The defendant had answered to the declaration for goods sold and delivered, that, if she purchased such goods of the plaintiff, “ she did so through the false and fraudulent representations made by the plaintiff.” The answer contained no allegation as to what constituted or what were the circumstances of the alleged fraud and fraudulent representations. At the trial, the plaintiff objected to evidence that he falsely and fraudulently represented that the goods (which were pills) contained no mercury, when in fact it was contained in them, upon the ground that it was not admissible under the answer; but the presiding judge received it.
While the Gen. Sts. c. 129, § 20 (Pub. Sts. c. 167, § 20), require that “ the answer shall set forth in clear and precise terms *101each substantive fact intended to be relied upon in avoidance of the action,” false and fraudulent representations, by which a contract is induced, are such facts. The pleading in the answer was substantially in accordance with the forms given by Chitty, and certainly as specific as those. Thus, “that the defendant was induced to enter into and to make the said agreement (or promise) by the fraud of the plaintiff; ” also, “ that he was induced to execute the said supposed deed by the fraud of the plaintiff.” 2 Chit. Pl. (16th Am. ed.) 393. If, under the circumstances, it is proper that the plaintiff should have a more specific statement, “ an order for particulars of the fraud relied on may in most cases be obtained.” 2 Chit. Pl. (16th Am. ed.) 393, note y.
It is the intention certainly of the practice act to bring the parties to distinct and well-defined issues of fact. The allegations and denials of parties are to be “ so construed by the court as to secure as far as possible substantial precision and certainty, and discourage vagueness and loose generalities.” Gen. Sts. c. 129, § 27. Pub. Sts. c. 167, § 28. The court is invested with ample power to do this, by its authority in all cases to “ order either party to file a statement of such particulars as may be necessary to give the other party and the court reasonable knowledge of the nature and grounds of the action or defence.” Gen. Sts. c. 129, § 58. Pub. Sts. c. 167, § 61. As remarked by the commissioners who framed our system of pleading and practice, as quoted by Mr. Justice Chapman in Oliver v. Colonial Gold Co. 11 Allen, 283, “ Allegations are made that the parties may have notice; but if both parties were content to act upon what they had, why should either be allowed to complain afterwards ? ”
In Blake v. Everett, 1 Allen, 248, the declaration set forth a deed containing a warranty against incumbrances, and alleged as a breach of the covenant the existence of certain rights of way over the land conveyed, no accurate description of their location being given, and it was held, on general demurrer, that the declaration was sufficient, the covenant and its breach being alleged; and that the minuteness with which the specification of the incumbrances should be made was a matter within the discretion of the presiding judge.

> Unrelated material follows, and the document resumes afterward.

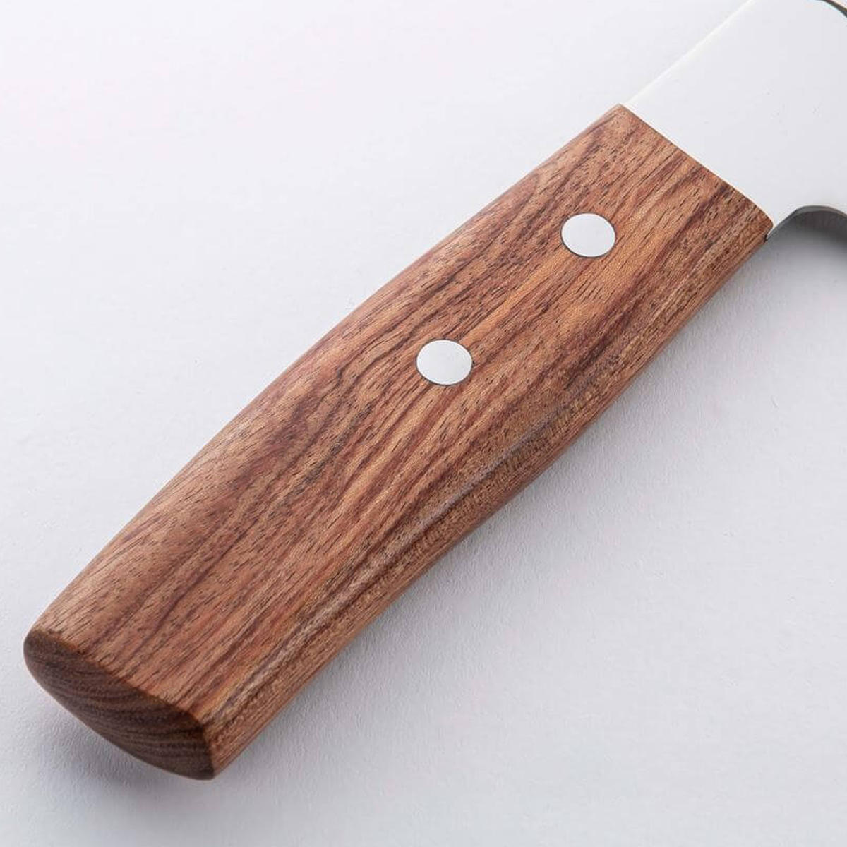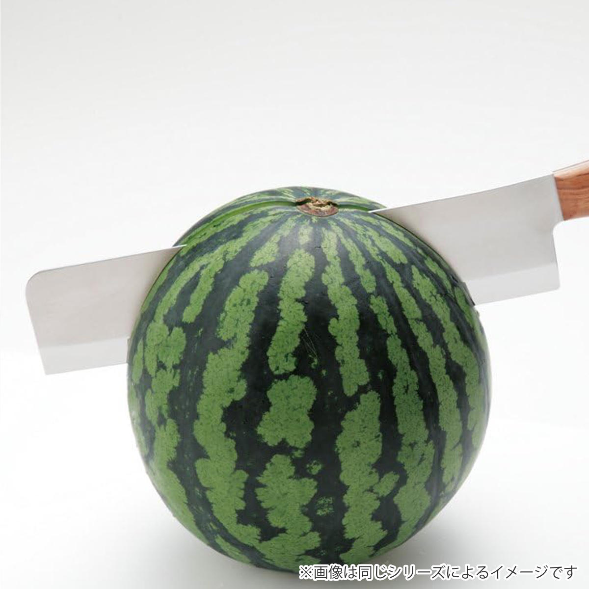 夏のスイカなど大きな野菜を切り分けるのに適した、刃渡りの長い専用包丁です。刀身にはハイカーボンステンレス刃物鋼を採用。鋭い切れ味を備えながらもさびに強く、日常的なメンテナンスがしやすいのが特徴です。

*102The answer in the case at bar set forth a legal defence to the action, although with vagueness and generality. Had this been seasonably called to the attention of the court by a motion for a specification of the representations relied on, it is only reasonable to believe that it would have been remedied by an appropriate order. But the plaintiff could not, by objecting to evidence in support of substantive and issuable allegations, deprive the defendant of her right to establish them. Tapley v. Goodsell, 122 Mass. 176, 181.
In this view of the case, it is unnecessary to consider what force, if any, is to be given to the supplementary statement of the presiding judge filed with his allowance of the bill of exceptions. Exceptions overruled.